М. Г. Дружинина. Мы, зрители, тем самым являемся соучастниками…
Любимов Ю. П. А до этого вы не являетесь соучастниками?
М. Г. Дружинина. Стилистически это не совсем соответствует тому, что было до этого. То есть актер театра обращается с пушкинским текстом к современному зрителю: что же вы молчите, кричите! А дальше, как известно, «народ безмолвствует». ‹…›
…чтобы избежать двусмысленности такого финала, нужно подумать о возможности его уточнения.
А «Вечная память», которая исполняется?[1119]
Кому «Вечная память»? Губенко отдает букеты цветов всем, и Самозванцу. Если это «Вечная память» — истории России, а в этой истории существуют и Самозванец, и дети Бориса Годунова, то это, наверное, одна трактовка. А если актеры театра «Вечную память» воздают Самозванцу как исторически конкретному персонажу и отдают ему цветы, — это уже другая трактовка. Опять-таки возникает двойственное восприятие мысли театра.Поэтому, если понятна мысль, которую я излагаю, может быть, театр согласится, что двоякое понимание этого финала допускать ни к чему, и если существует обращение к современности, то вряд ли это ложится на ход спектакля.

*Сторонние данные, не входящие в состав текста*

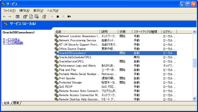 これで、データベースが自由に利用できるようになった。しかし、OracleServerは大量のリソースを消費するため、Oracleが自動起動するままでは、他の授業に支障が出る。よって、普段はOracle関係のサービスが起動しないように、設定を変えておく。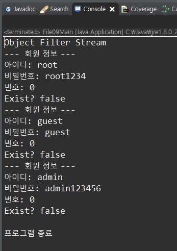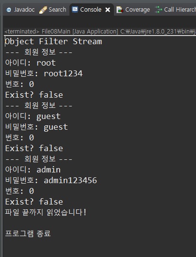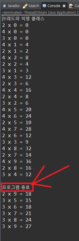 System.out.println("\n프로그램 종료");
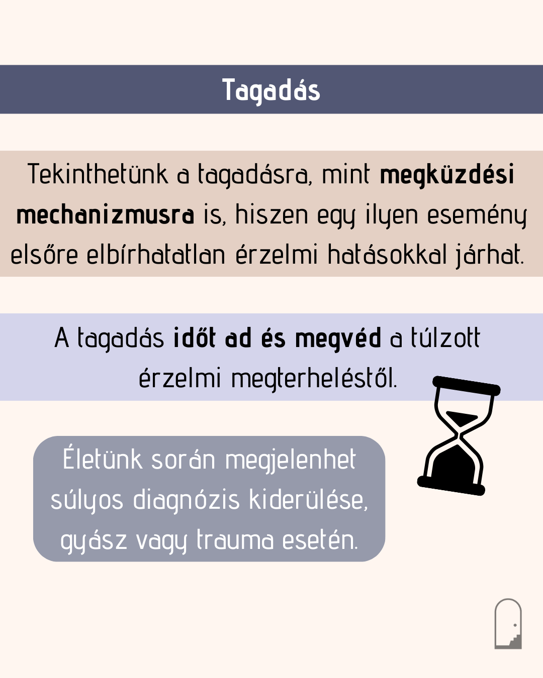 Tekinthetünk a tagadásra, mint megküzdési mechanizmusra is, hiszen egy ilyen esemény elsőre elbírhatatlan érzelmi hatásokkal járhat. A tagadás időt ad és megvéd a túlzott érzelmi megterheléstől. Életünk során megjelenhet súlyos diagnózis kiderülése, gyász vagy trauma esetén.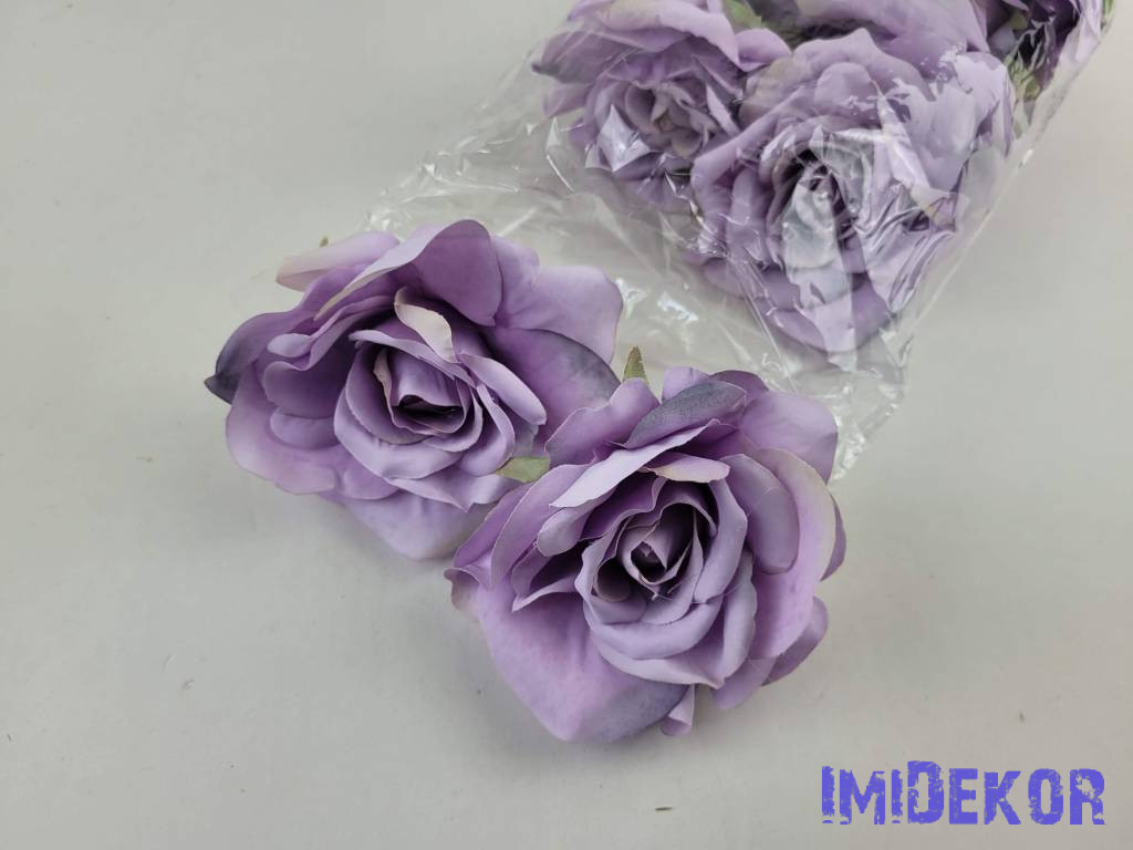 Rózsa selyemvirág fej nyílott 10 cm 911 - Világos Lilás

И трактовка, которую дает режиссер этой же мысли, наверное, может быть прочитана и в костюмах ряда персонажей. Мы понимаем, что разыгрывается этот спектакль бродячей труппой, которая имеет право на самую разнообразную одежду — и фрак, и польский костюм, и народные атрибуты, — все это возможно. Но когда в связи с этим возникают… предметы костюма современных людей, которые находятся в зрительном зале, мне кажется, это не совсем соответствует стилистике. Вряд ли у бродячей труппы, которая разыгрывает спектакль, может быть в запасе тельняшка, в которой выходит Золотухин, или кожаное пальто, в котором играет Шуйский. Мне кажется, что эти современные атрибуты также переносят действие, которое происходит в спектакле, в нашу современность…
Ю. П. Любимов. Ох, тяжела ты, шапка главного режиссера!.. Простите, продолжайте.

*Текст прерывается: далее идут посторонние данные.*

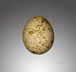 Około połowy maja (również od marca do czerwca) składa 3–7 jaj, które są równobiegunowe, owalne o tępych biegunach, o średnich wymiarach 40 × 32 mm i ubarwieniu białożółtym, szaroróżowym lub ceglastoróżowym z gęstymi plamami koloru rdzawobrązowego.

М. Г. Дружинина. Эти моменты, мне кажется, нужно решить и договориться.
Ю. П. Любимов. А вы разве хотели бы со мной ставить спектакль?
М. Г. Дружинина. Нет, у меня другая профессия. Я ни в коем случае не беру на себя право или даже возможность вторгаться в режиссерский замысел этого спектакля, который, как я сказала вначале, кажется мне интересным и глубоким, но есть какие-то моменты, которые сейчас вызывают непонимание или двойственное понимание. Поэтому, если есть такая возможность, может быть, есть смысл подумать о том, чтобы все это прозвучало наиболее точно, в полном соответствии с тем, что написано у Пушкина и заложено в этом произведении…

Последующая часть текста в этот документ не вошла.